Abstract:
Multispectral sensors, along with common and advanced algorithms, have become efficient tools for routine lithological
discrimination and mineral potential mapping. It is with this paradigm in mind that this paper sought to evaluate and
discuss the detection and mapping of magnetite on the Eastern Limb of the Bushveld Complex, using high spectral
resolution multispectral remote sensing imagery and GIS techniques. Despite the wide distribution of magnetite, its
economic importance, and its potential as an indicator of many important geological processes, not many studies
had looked at the detection and exploration of magnetite using remote sensing in this region. The Maximum
Likelihood and Support Vector Machine classification algorithms were assessed for their respective ability to detect
and map magnetite using the PlanetScope Analytic data. A K-fold cross-validation analysis was used to measure the
performance of the training as well as the test data. For each classification algorithm, a thematic landcover map was
created and an error matrix, depicting the user’s and producer’s accuracies as well as kappa statistics, was derived.
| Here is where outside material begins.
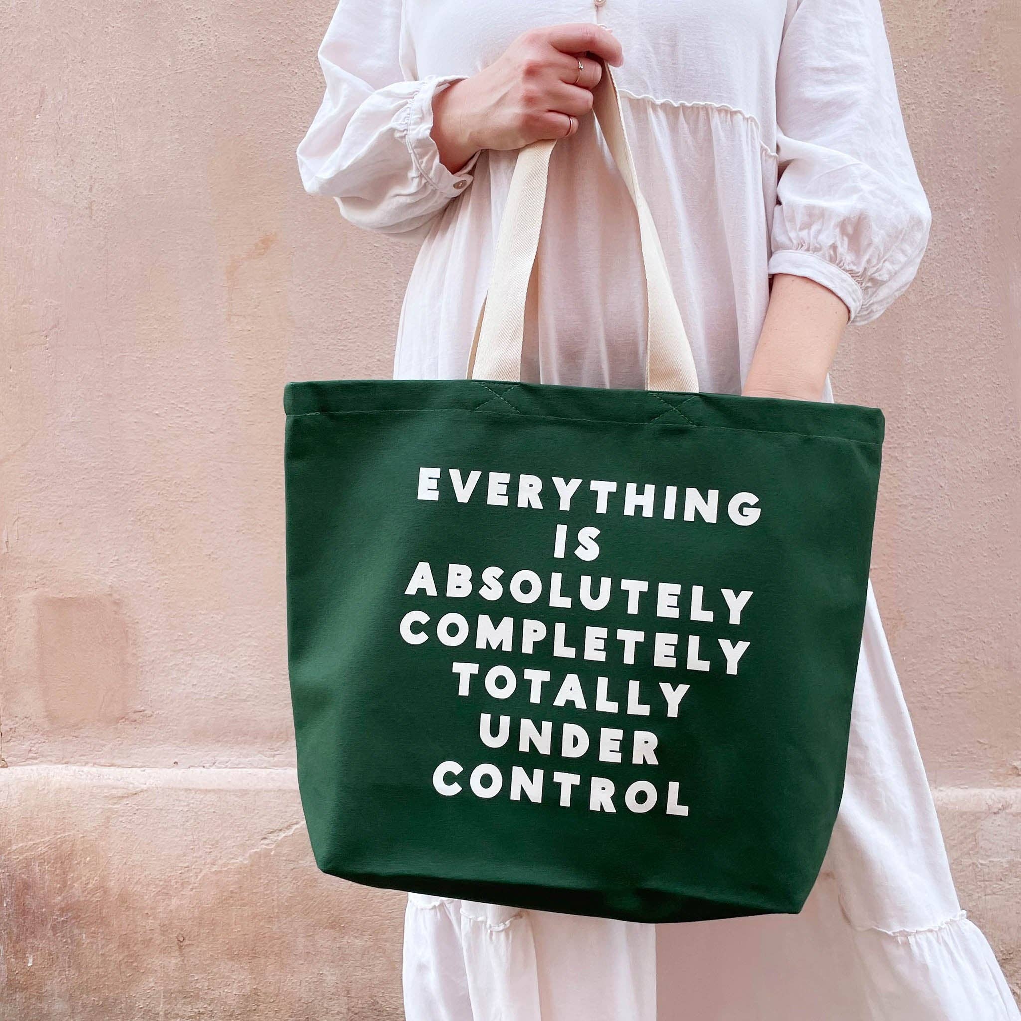 Our hand illustrated 'Everything is absolutely, completely, totally under control' design has been printed in off-white on sturdy forest green canvas. Suitable for carrying by hand or over the shoulder.

A pairwise comparison test of the image classification algorithms was conducted to determine whether the two
classification algorithms were significantly different from each other. The Maximum Likelihood Classifier significantly
outperformed the Support Vector Machine algorithm, achieving an overall classification accuracy of 84.58% and an
overall kappa value of 0.79. Magnetite was accurately discriminated from the other thematic landcover classes with a
user’s accuracy of 76.41% and a producer’s accuracy of 88.66%. The overall results of this study illustrated that remote
sensing techniques are effective instruments for geological mapping and mineral investigation, especially iron oxide
mineralization in the Eastern Limb of the Bushveld Complex.